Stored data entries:
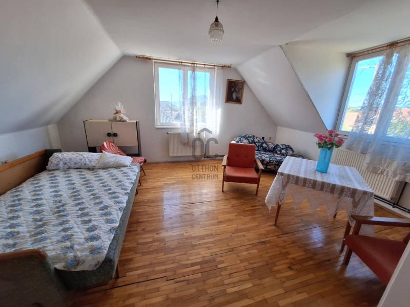 Csendes környezetben, de mégis közel a központhoz eladó vált egy tágas, nagy, kétszintes családi ház Tapolca központi részén.Az ingatlan könnyen megközelíthető, iskola, óvoda, bevásárlási lehetőség a közelben, melyek gyalogosan is könnyen elérhetőek.A 471 nm-es belterületi, körbekerített telken álló ház két szinten összesen 150 nm. Ehhez került még hozzáépítésre egy fedett garázs, valamint tároló, ahol a kazánház is található.A ház alsó szintjén teraszon át lépünk be a házba, itt egy nagy előszobából közelíthető meg 2 hálószoba, a nappali, konyha étkezővel és spájzzal, fürdőszoba és különálló Wc. A teraszról egy külső bejárattal rendelkező tároló is elérhető.Az emeleten 3 gyönyörű, világos, nagy ablakos szoba és egy fürdőszoba található.A déli szobák ablakából szép, a Szent-György hegyre néző panoráma tárul elénk.Az ingatlan melegét radiátorok adják, a fával való fűtésről egy vegyes tüzelésű kazán gondoskodik.Amennyiben kérdése merülne fel az ingatlannal kapcsolatban vagy szeretné azt megtekinteni, kérem keressen amegadott elérhetőségek egyikén!Az adatok kizárólag a megbízóink által rendelkezésünkre bocsátott információkon alapulnak.Fentiekre tekintettel, az adatok teljességéért, helyességéért és aktualitásáért nem vállalunk felelősséget.Az árváltozás, adatmódosítás és közbeni értékesítés jogát fenntartjuk, mindezekért jogi felelősséget nem áll módunkban vállalni.
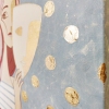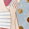 The girl's striped clothes, combining blue and green lines, are reminiscent of both a marine style and zebra stripes - can be interpreted as an allusion to the versatility of personality. The mask seems to cover or reveal part of the face, which emphasizes the conflict between the true "I" and the social, outer shell. Golden circles on a blue background give the work a festive and deep feel, while simultaneously reminding us of the inner light and individuality of a person.
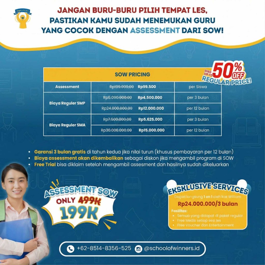 Jangan lewatkan kesempatan memahami gaya belajar anak dalam 30 menit dan mendapatkan rekomendasi metode belajar & profil guru yang paling cocok. Klik tombol WhatsApp di bawah ini untuk klaim harga promo khusus:
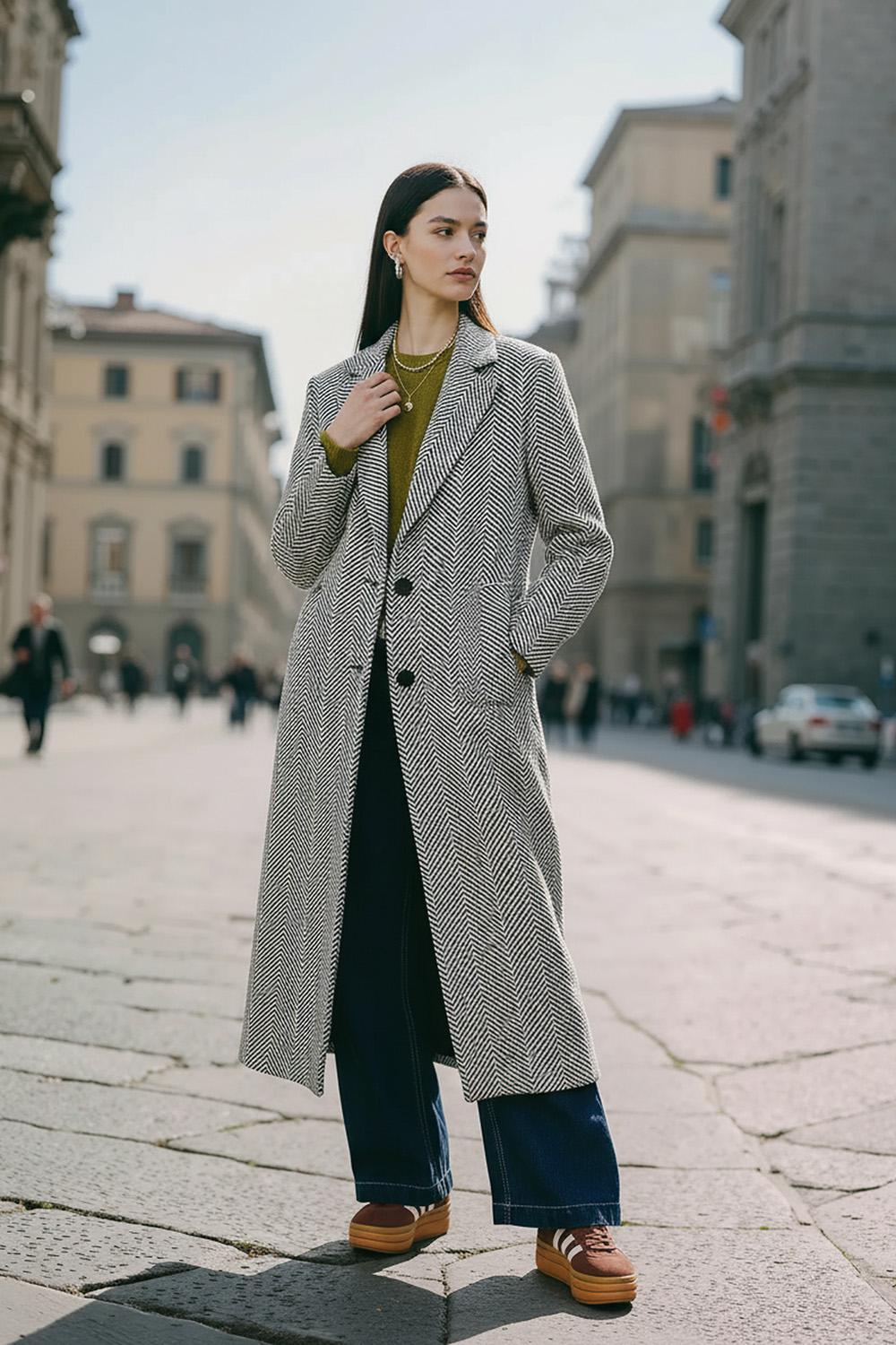 Jeśli szukasz płaszcza, który doskonale sprawdzi się zarówno zimą, jak i podczas pierwszych wiosennych dni, klasyczny płaszcz Break the Silence to wybór, który łączy styl, wygodę i uniwersalność. Szary płaszcz w klasycznym wzorze w jodełkę to idealna propozycja na przejściową pogodę – ogrzeje Cię, gdy jest chłodno, ale dzięki lekkiej konstrukcji świetnie sprawdzi się także w cieplejsze dni. Ten płaszcz to świetny wybór dla Ciebie, jeśli szukasz modnej i ponadczasowej propozycji, która pozostanie w Twojej szafie na wiele sezonów.
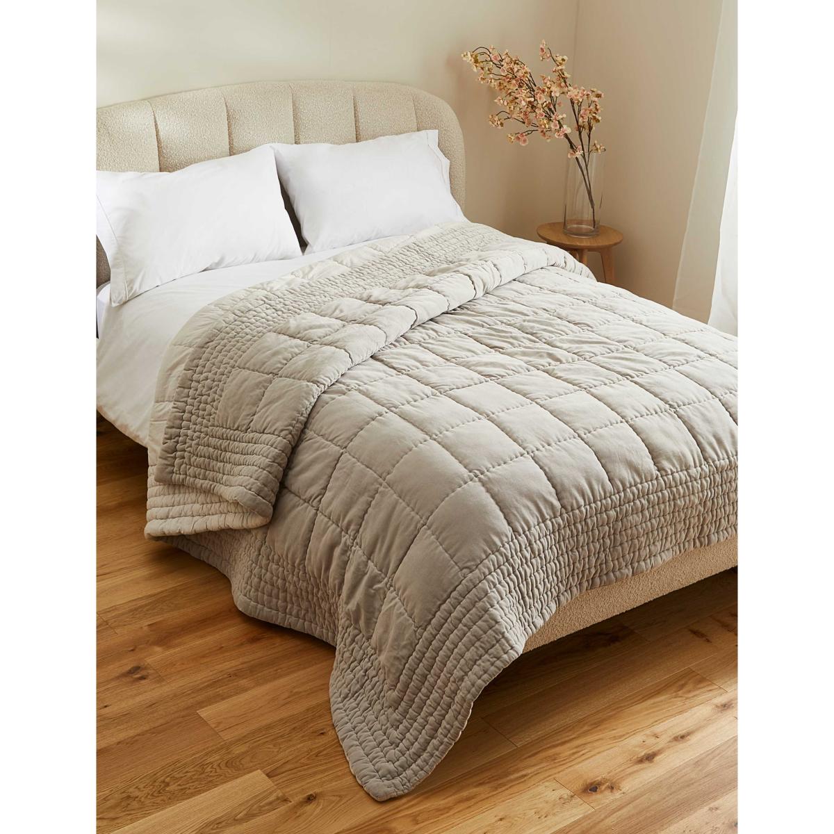 An intricate hand-stitched design gives this quilted bedspread a luxurious charm. It's made with pure cotton velvet to bring soft, sumptuous texture to your bed, while the warm filling enhances the plush feel. Neat border trims complete the premium look.
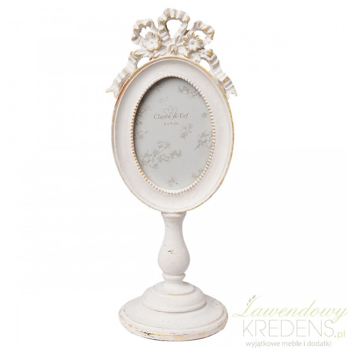 Stojąca ramka prowansalska na nóżce ma kremowy koloor i urocze zdobienie na samej górze.

## What needs to be done
Where the line containing "Jangan lewatkan kesempatan" appears in the data above, begin there and output every line through the last, exactly and without pictures.

## Output for this task
 Jangan lewatkan kesempatan memahami gaya belajar anak dalam 30 menit dan mendapatkan rekomendasi metode belajar & profil guru yang paling cocok. Klik tombol WhatsApp di bawah ini untuk klaim harga promo khusus:
 Jeśli szukasz płaszcza, który doskonale sprawdzi się zarówno zimą, jak i podczas pierwszych wiosennych dni, klasyczny płaszcz Break the Silence to wybór, który łączy styl, wygodę i uniwersalność. Szary płaszcz w klasycznym wzorze w jodełkę to idealna propozycja na przejściową pogodę – ogrzeje Cię, gdy jest chłodno, ale dzięki lekkiej konstrukcji świetnie sprawdzi się także w cieplejsze dni. Ten płaszcz to świetny wybór dla Ciebie, jeśli szukasz modnej i ponadczasowej propozycji, która pozostanie w Twojej szafie na wiele sezonów.
 An intricate hand-stitched design gives this quilted bedspread a luxurious charm. It's made with pure cotton velvet to bring soft, sumptuous texture to your bed, while the warm filling enhances the plush feel. Neat border trims complete the premium look.
 Stojąca ramka prowansalska na nóżce ma kremowy koloor i urocze zdobienie na samej górze.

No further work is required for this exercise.